Inside, the church was in ruins. The floor boards were rotting away. Everything was covered with a thick layer of dust. So Greg got to work. He swept and dusted, re-shingled the roof and re-painted. And as he worked, he found his energy slowly returning. 

When Greg returned to his oncologist, he received shocking news: his tumors has begun to shrink. And they kept shrinking, until Greg’s cancer officially went into remission. 


As he told the Star Tribune: ““It was like as I was rebuilding the church, God was rebuilding me.”


Kali Hardig

In July of 2013, the 12-year-old Kali Hardig visited a water park. A few days later, her parents were rushing her to the hospital. She was complaining of a headache and had a fever of 103 degrees. Tests revealed that Kali had contracted parasitic meningitis. It’s a rare infection caused by brain-eating amoebas. It’s also a deadly one. 

Kali was quickly put on antibiotics, but her doctors prepared her family for the worst. Even with treatment, the infection’s survival rate was less than 1%. At that time—in the whole of North America—only two people were known to have survived. But Kali would become the third. Not only that, but, six months later, she’d made a complete recovery. 


“It was God’s grace,” Dr. Matt Linam said in an interview with Reader’s Digest when asked how Kali survived. “Other than that, it was countless little things that went her way, countless little miracles that happened every day and made the difference between life and death.”


Jean-Pierre Bely

Lourdes, France has a reputation for miracles. The small town drew international attention when, in 1858, a young girl named Bernadette claimed to see a vision of Mother Mary. Since then, Lourdes has been a destination for pilgrims and those seeking healing. Jean-Pierre Bely was one of those people. 


In 1987, he traveled to Lourdes. Years ago, Jean-Pierre had been diagnosed with multiple sclerosis, an autoimmune disorder that attacks the body’s central nervous system. He was now confined to a wheelchair. But during a service in Lourdes, Jean-Pierre felt something strange. 

“As the priest was giving me unction on the forehead and hands, I had the impression that everything was turning around me,” he was later quoted in the book Near-death Experiences Examined: Medical Findings and Testimonies from Lourdes. “In a fraction of a second I lost all sense of time and space. God was coming to cure my heart. I was invaded by a powerful feeling of liberation and peace that I had never experienced before.”


After that experience, Jean-Pierre began to feel a tingling in his legs.
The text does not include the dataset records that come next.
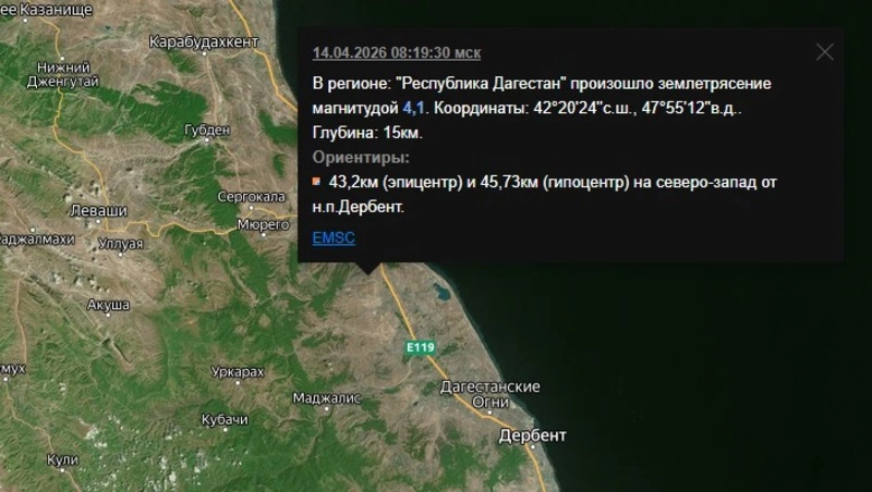 В 5:19 14 апреля в Дагестане зафиксировали подземные толчки магнитудой 4,1. Эпицентр сейсмоактивности находился на глубине 15 км. Ближайший крупный населённый пункт от гипоцентра активности — в 46 км — Дербент.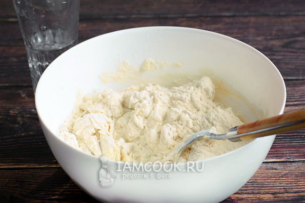 Из воды, муки и соли замесите плотное тесто. Воду добавляйте в муку постепенно, так как разная мука может взять разное количество жидкости.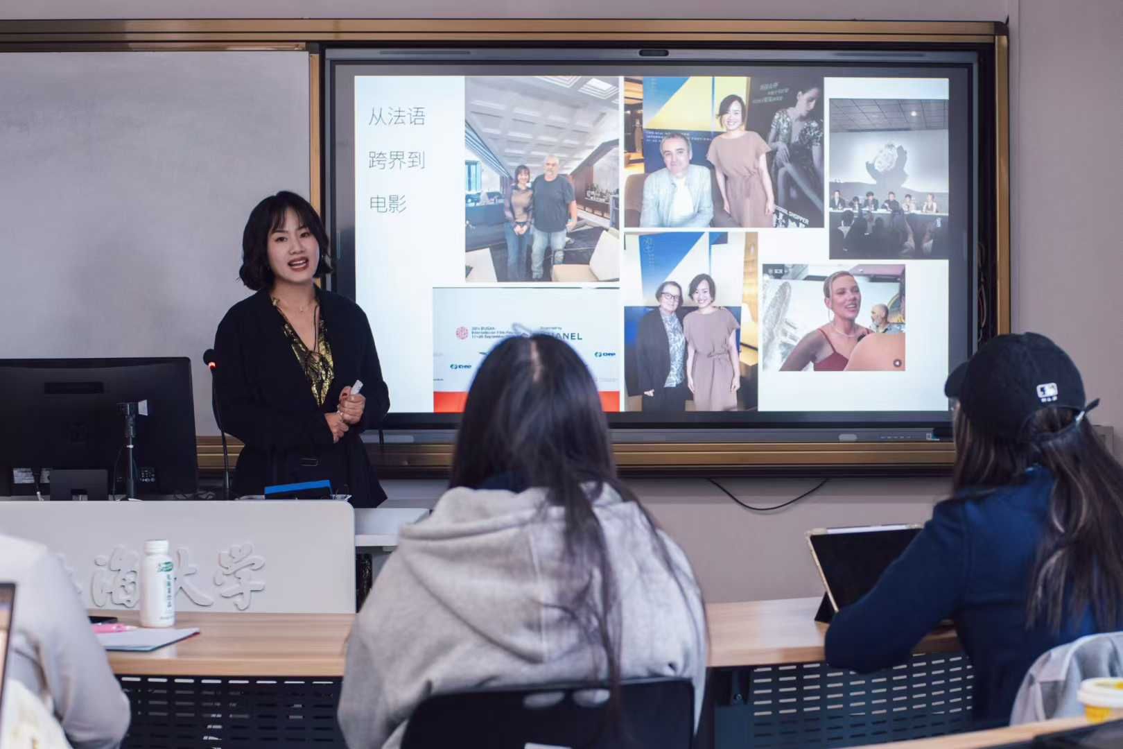 接着,朱婕女士深入阐释了法语的跨界价值。她指出,语言不仅是沟通工具,更是职场“敲门砖”。凭借法语优势,她成功获得与奥利维耶・阿萨亚斯、吕克・贝松等国际知名导演的专访机会,在戛纳电影节等国际场合搭建起高效沟通桥梁;在《锋味》剧组中,她通过法语与知名大厨建立专属沟通圈层,化解合作难题。正是法语与电影、经贸等专业领域的结合,让她形成了独特的复合竞争力。

A few days later, he took his first unaided steps in years. Subsequent examinations would show only minor traces of the illness that had once dominated his life. Though still a medical mystery, Jean-Pierre’s cure was deemed an official miracle by the Vatican in 2002. 


Luke Burgie

For six months, he wasted away. When 4-year-old Luke Burgie fell ill with a mysterious stomach virus in 1998, doctors struggled to find a diagnosis. Then, as suddenly as they had developed, Luke’s symptoms disappeared. 
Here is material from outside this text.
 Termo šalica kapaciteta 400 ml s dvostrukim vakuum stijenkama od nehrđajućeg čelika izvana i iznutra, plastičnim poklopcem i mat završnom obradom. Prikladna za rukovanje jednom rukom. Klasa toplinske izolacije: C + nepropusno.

His doctors were baffled. They didn’t know why Luke had been sick and they had no explanation for why he’d improved almost overnight. But Luke’s mother, Jan Burgie, had an answer: Prayer.  

As her son lay in his hospital bed, Jan had called nuns from a local convent—Sisters of St. Francis of Perpetual Adoration—and asked them to pray for him. Over the course of nine days, they did just that, praying to Mother Maria Theresia, the nun who began their order back in 1863. Within a month, the little boy had made a full recovery. 

“I just remember Luke’s brother saying, ‘Jesus’ healed Lukie! Jesus healed Lukie!’” Jan told FOX31.


Fourteen years later, the Vatican declared Luke’s healing a miracle and Mother Maria Theresia was named Saint Maria Theresia.